Incoming traffic is treated differently. Most traffic which reaches on the firewall is one of these three major
Transport Layer protocols- TCP, UDP or ICMP. All these types have a source address and destination
address. Also, TCP and UDP have port numbers. ICMP uses type code instead of port number which
identifies purpose of that packet. Default policy: It is very difficult to explicitly cover every possible rule on
the firewall. For this reason, the firewall must always have a default policy. Default policy only consists of
action (accept, reject or drop). Suppose no rule is defined about SSH connection to the server on the
firewall. So, it will follow the default policy. If default policy on the firewall is set to accept, then any
computer outside of your office can establish an SSH connection to the server. Therefore, setting default
policy as drop (or reject) is always a good practice.

Generation of Firewall

Firewalls can be categorized based on their generation.
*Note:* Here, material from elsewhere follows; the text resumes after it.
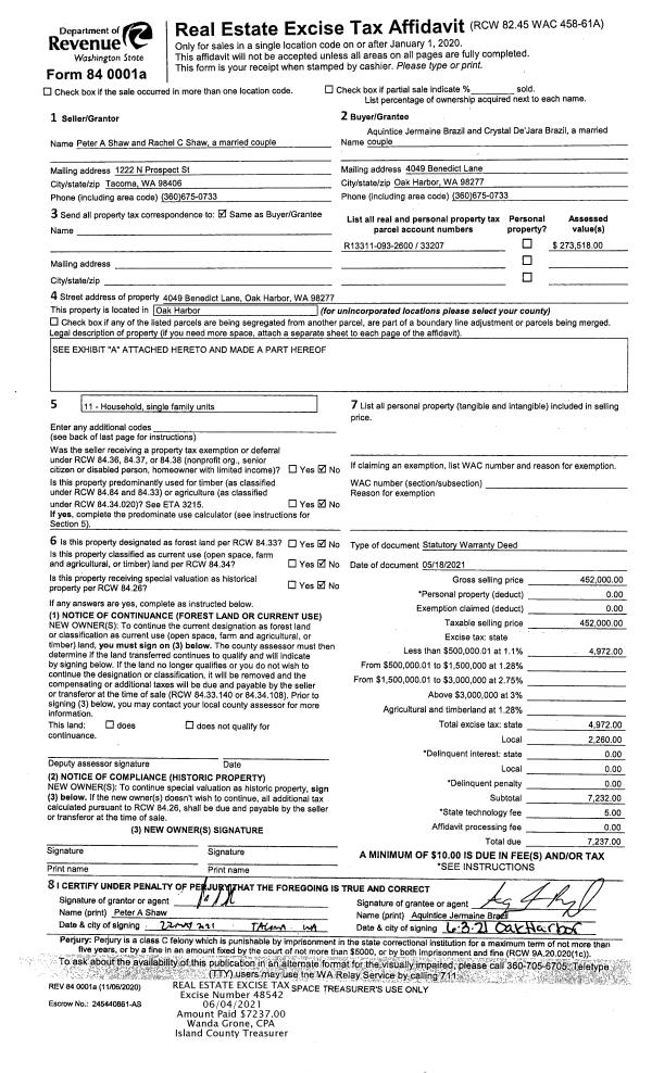 | Mailing Address: | 2315 SOUNDVIEW DR LANGLEY, WA 98260 | % Ownership: | 100.0000000000% |

1. First Generation- Packet Filtering Firewall: Packet filtering firewall is used to control network
access by monitoring outgoing and incoming packets and allowing them to pass or stop based on
source and destination IP address, protocols, and ports. It analyses traffic at the transport protocol
layer (but mainly uses first 3 layers). Packet firewalls treat each packet in isolation. They have no
ability to tell whether a packet is part of an existing stream of traffic. Only It can allow or deny the
packets based on unique packet headers. Packet filtering firewall maintains a filtering table that
decides whether the packet will be forwarded or discarded. From the given filtering table, the packets
will be filtered according to the following rules:

Incoming packets from network 192.168.21.0 are blocked.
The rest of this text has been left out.